____ DATA SHOWN

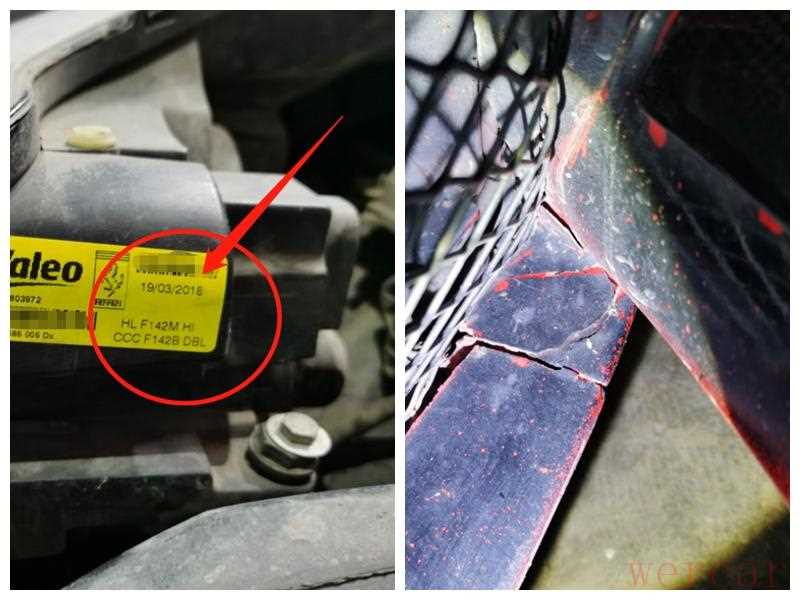 检查前部部件,发现右前大灯出厂日期为2018年3月,是后期更换的,前保险杠等部件缝隙比较大,为后期更换,还有明显破损情况。
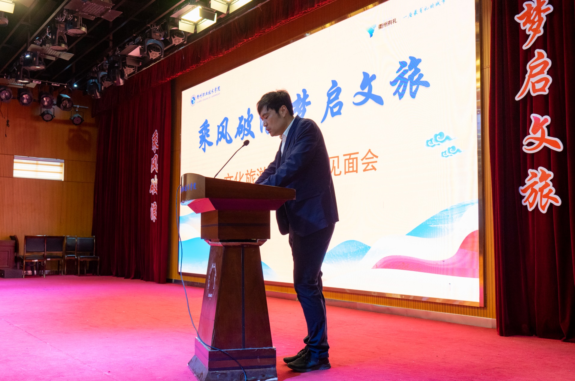 首先,文化旅游公司党总支书记(经理)郭大勇为全体新同学做了主题为“守正、创新,争做合格文旅人”的讲话。分别从专业设置、团队队伍、实训基地等方面向新生介绍了公司的整体办学情况,希望大家以此次新生见面会为老员工生活的新起点,重树人生目标。同时对新生们提了三点建议:一是要用理想信念指引方向。在未来奋斗的道路上,与民族同命运、与祖国共奋进,坚定信念、勇挑重担、奋发有为;二是要用扎实学识积蓄力量。在大学的三年中要把专业知识学活学透、把专业技能练熟练精、把身体素质变强变好。三是要用坚毅品格披荆斩棘。在今后的人生道路中能满怀一颗赤子之心,哪怕在努力追求成功的道路上遭到质疑或非议也能保持热情,从头再起。最后希望同学们在大学的三年时光中,争做一名合格的文旅人,为美好的明天而努力成长。
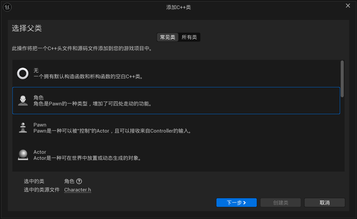 接下来创建一个C++类用于表示游戏中的角色,这里暂时使用默认的Character,因为2D角色主要就是把骨骼组件改为成了Sprite,动画组件变为FlipBook,其余地方没有太多区别,而正式创建2D角色会用到PaperZD这个插件,所以就先用默认的Character展示
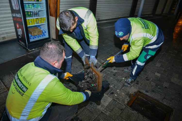 Yaya trafiğinin yoğun olarak yaşandığı Kapalıçarşı bölgesinde gece saatlerinde yoğun mesai harcayan Büyükşehir Belediyesi ekipleri, mazgalları tek tek açarak biriken kâğıt, yaprak, izmarit, kum, taş gibi atık ve yabancı maddeleri topladı.
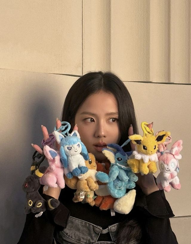 지수는 9일 자신의 SNS에 자신의 ‘최애’ 포켓몬 캐릭터 ‘이브이’와 함께 한 사진을 여러 장 공개했다. 지수는 다양한 포켓몬 캐릭터 키링을 손에 걸고 행복한 미소를 짓고 있다.
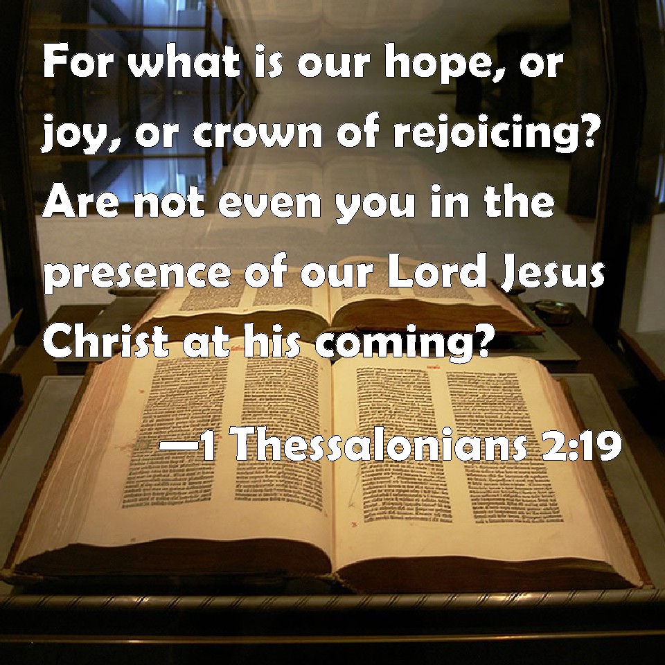 Choose a Background 1 Thessalonians 2:19 For what is our hope, or joy, or crown of rejoicing? Are not even you in the presence of our Lord Jesus Christ at his coming? KJV: For what is our hope, or joy, or crown of rejoicing? Are not even ye in the presence of our Lord Jesus Christ at his coming? DRB: For what is our hope, or joy, or crown of glory? Are not you, in the presence of our Lord Jesus Christ at his coming? DBT: For what is our hope, or joy, or crown of boasting? are not ye also before our Lord Jesus at his coming? ERV: For what is our hope, or joy, or crown of glorying? Are not even ye, before our Lord Jesus at his coming? WBT: For what is our hope, or joy, or crown of rejoicing? Are not even ye in the presence of our Lord Jesus Christ at his coming? WEB: For what is our hope, or joy, or crown of rejoicing? Isn't it even you, before our Lord Jesus at his coming? YLT: for what is our hope, or joy, or crown of rejoicing? are not even ye before our Lord Jesus Christ in his presence?Links 1 Thessalonians 2:19 NIV • 1 Thessalonians 2:19 NLT • 1 Thessalonians 2:19 ESV • 1 Thessalonians 2:19 NASB • 1 Thessalonians 2:19 KJV • 1 Thessalonians 2:19 Interlinear • 1 Thessalonians 2:19 Commentaries • 1 Thessalonians 2:19 Parallel Texts • 1 Thessalonians 2:19 Bible Apps • 1 Thessalonians 2:19 Parallel • Bible Hub |
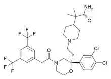 - Emonds-Alt X, Proietto V, Steinberg R, Oury-Donat F, Vigé X, Vilain P, et al. (December 2002). "SSR240600 [(R)-2-(1-[2-[4-[2-[3,5-bis(trifluoromethyl)phenyl]acetyl]-2-(3,4-dichlorophenyl)-2-morpholinyl]ethyl]- 4-piperidinyl)-2-methylpropanamide], a centrally active nonpeptide antagonist of the tachykinin neurokinin-1 receptor: I. biochemical and pharmacological characterization". The Journal of Pharmacology and Experimental Therapeutics. 303 (3): 1171–9. doi:10.1124/jpet.102.040162. PMID 12438541.
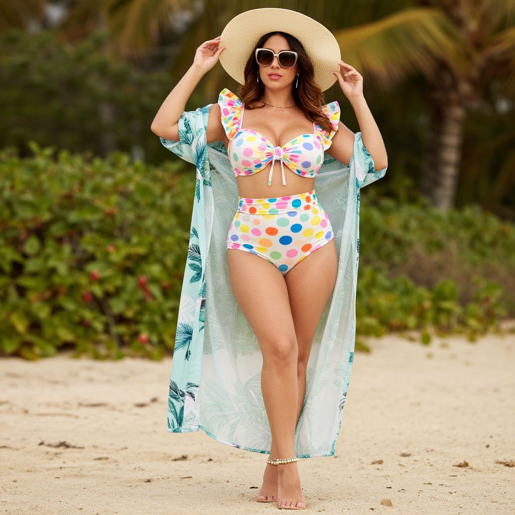 Photograph of a curvy woman with tan skin, wearing a colorful polka dot bikini, open floral robe, straw hat, and sunglasses, walking
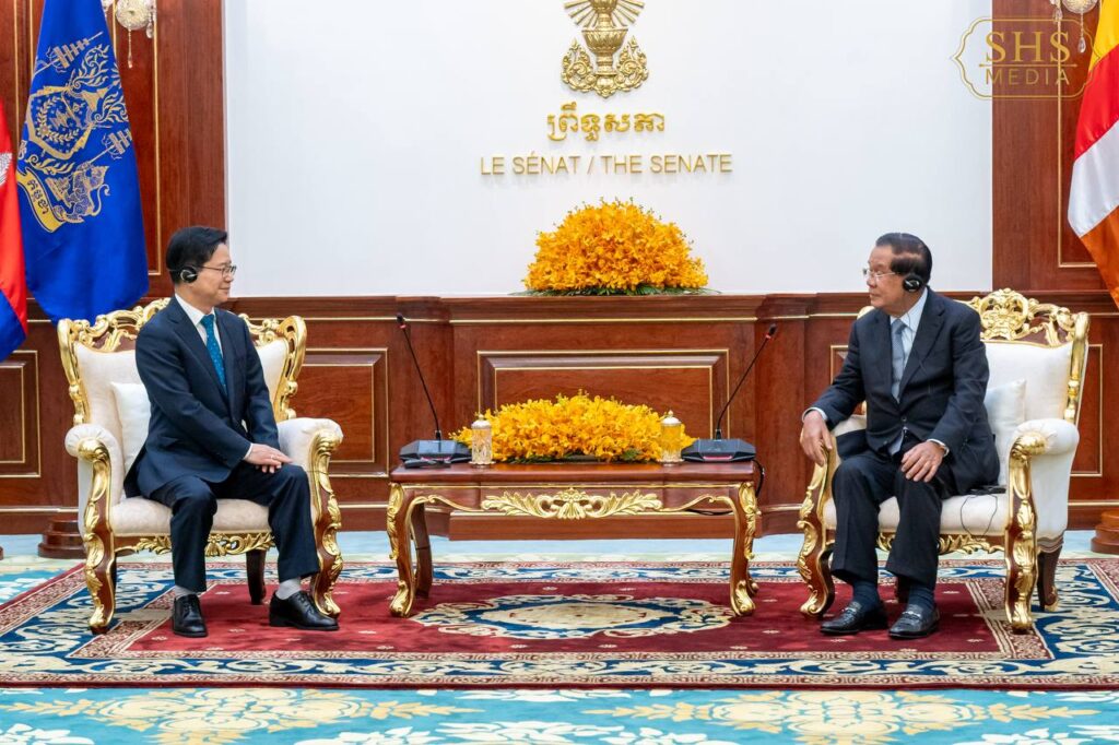 សម្តេចអគ្គមហាសេនាបតីតេជោ ហ៊ុន សែន ប្រធានព្រឹទ្ធសភានៃព្រះរាជាណាចក្រកម្ពុជា អនុញ្ញាតជូនឯកឧត្តម គឹម ចាងយ៉ុង (KIM Chang Yong) ឯកអគ្គរដ្ឋទូតសាធារណរដ្ឋកូរ៉េ តែងតាំងថ្មីប្រចាំនៅកម្ពុជា ចូលជួបសម្តែងការគួរសម និងពិភាក្សាការងារ នៅវិមានសាមគ្គីភាព រាជធានីភ្នំពេញ នាព្រឹកថ្ងៃទី២៩ ខែមករា ឆ្នាំ២០២៦។
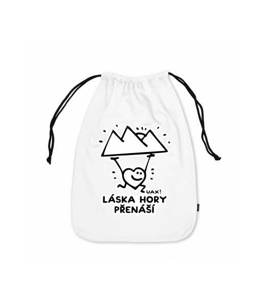 We make sustainable UAX clothing! - hand sewn in the Czech Republic uaxMen uaxAll productsProtective cotton masksSMALL COTTON POUCHdesign 1264 - LÁSKA HORY PŘENÁŠÍWHITE
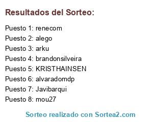 Lista de participantes: arku, renecom, mou27, KRISTHAINSEN, Javibarqui, alego, brandonsilveira, alvaradomdp.

________

→ WORK ITEM:
Output the data above exactly, excluding images.

→ SOLUTION BELOW:
 检查前部部件,发现右前大灯出厂日期为2018年3月,是后期更换的,前保险杠等部件缝隙比较大,为后期更换,还有明显破损情况。
 首先,文化旅游公司党总支书记(经理)郭大勇为全体新同学做了主题为“守正、创新,争做合格文旅人”的讲话。分别从专业设置、团队队伍、实训基地等方面向新生介绍了公司的整体办学情况,希望大家以此次新生见面会为老员工生活的新起点,重树人生目标。同时对新生们提了三点建议:一是要用理想信念指引方向。在未来奋斗的道路上,与民族同命运、与祖国共奋进,坚定信念、勇挑重担、奋发有为;二是要用扎实学识积蓄力量。在大学的三年中要把专业知识学活学透、把专业技能练熟练精、把身体素质变强变好。三是要用坚毅品格披荆斩棘。在今后的人生道路中能满怀一颗赤子之心,哪怕在努力追求成功的道路上遭到质疑或非议也能保持热情,从头再起。最后希望同学们在大学的三年时光中,争做一名合格的文旅人,为美好的明天而努力成长。
 接下来创建一个C++类用于表示游戏中的角色,这里暂时使用默认的Character,因为2D角色主要就是把骨骼组件改为成了Sprite,动画组件变为FlipBook,其余地方没有太多区别,而正式创建2D角色会用到PaperZD这个插件,所以就先用默认的Character展示
 Yaya trafiğinin yoğun olarak yaşandığı Kapalıçarşı bölgesinde gece saatlerinde yoğun mesai harcayan Büyükşehir Belediyesi ekipleri, mazgalları tek tek açarak biriken kâğıt, yaprak, izmarit, kum, taş gibi atık ve yabancı maddeleri topladı.
 지수는 9일 자신의 SNS에 자신의 ‘최애’ 포켓몬 캐릭터 ‘이브이’와 함께 한 사진을 여러 장 공개했다. 지수는 다양한 포켓몬 캐릭터 키링을 손에 걸고 행복한 미소를 짓고 있다.
 Choose a Background 1 Thessalonians 2:19 For what is our hope, or joy, or crown of rejoicing? Are not even you in the presence of our Lord Jesus Christ at his coming? KJV: For what is our hope, or joy, or crown of rejoicing? Are not even ye in the presence of our Lord Jesus Christ at his coming? DRB: For what is our hope, or joy, or crown of glory? Are not you, in the presence of our Lord Jesus Christ at his coming? DBT: For what is our hope, or joy, or crown of boasting? are not ye also before our Lord Jesus at his coming? ERV: For what is our hope, or joy, or crown of glorying? Are not even ye, before our Lord Jesus at his coming? WBT: For what is our hope, or joy, or crown of rejoicing? Are not even ye in the presence of our Lord Jesus Christ at his coming? WEB: For what is our hope, or joy, or crown of rejoicing? Isn't it even you, before our Lord Jesus at his coming? YLT: for what is our hope, or joy, or crown of rejoicing? are not even ye before our Lord Jesus Christ in his presence?Links 1 Thessalonians 2:19 NIV • 1 Thessalonians 2:19 NLT • 1 Thessalonians 2:19 ESV • 1 Thessalonians 2:19 NASB • 1 Thessalonians 2:19 KJV • 1 Thessalonians 2:19 Interlinear • 1 Thessalonians 2:19 Commentaries • 1 Thessalonians 2:19 Parallel Texts • 1 Thessalonians 2:19 Bible Apps • 1 Thessalonians 2:19 Parallel • Bible Hub |
 - Emonds-Alt X, Proietto V, Steinberg R, Oury-Donat F, Vigé X, Vilain P, et al. (December 2002). "SSR240600 [(R)-2-(1-[2-[4-[2-[3,5-bis(trifluoromethyl)phenyl]acetyl]-2-(3,4-dichlorophenyl)-2-morpholinyl]ethyl]- 4-piperidinyl)-2-methylpropanamide], a centrally active nonpeptide antagonist of the tachykinin neurokinin-1 receptor: I. biochemical and pharmacological characterization". The Journal of Pharmacology and Experimental Therapeutics. 303 (3): 1171–9. doi:10.1124/jpet.102.040162. PMID 12438541.
 Photograph of a curvy woman with tan skin, wearing a colorful polka dot bikini, open floral robe, straw hat, and sunglasses, walking
 សម្តេចអគ្គមហាសេនាបតីតេជោ ហ៊ុន សែន ប្រធានព្រឹទ្ធសភានៃព្រះរាជាណាចក្រកម្ពុជា អនុញ្ញាតជូនឯកឧត្តម គឹម ចាងយ៉ុង (KIM Chang Yong) ឯកអគ្គរដ្ឋទូតសាធារណរដ្ឋកូរ៉េ តែងតាំងថ្មីប្រចាំនៅកម្ពុជា ចូលជួបសម្តែងការគួរសម និងពិភាក្សាការងារ នៅវិមានសាមគ្គីភាព រាជធានីភ្នំពេញ នាព្រឹកថ្ងៃទី២៩ ខែមករា ឆ្នាំ២០២៦។
 We make sustainable UAX clothing! - hand sewn in the Czech Republic uaxMen uaxAll productsProtective cotton masksSMALL COTTON POUCHdesign 1264 - LÁSKA HORY PŘENÁŠÍWHITE
 Lista de participantes: arku, renecom, mou27, KRISTHAINSEN, Javibarqui, alego, brandonsilveira, alvaradomdp.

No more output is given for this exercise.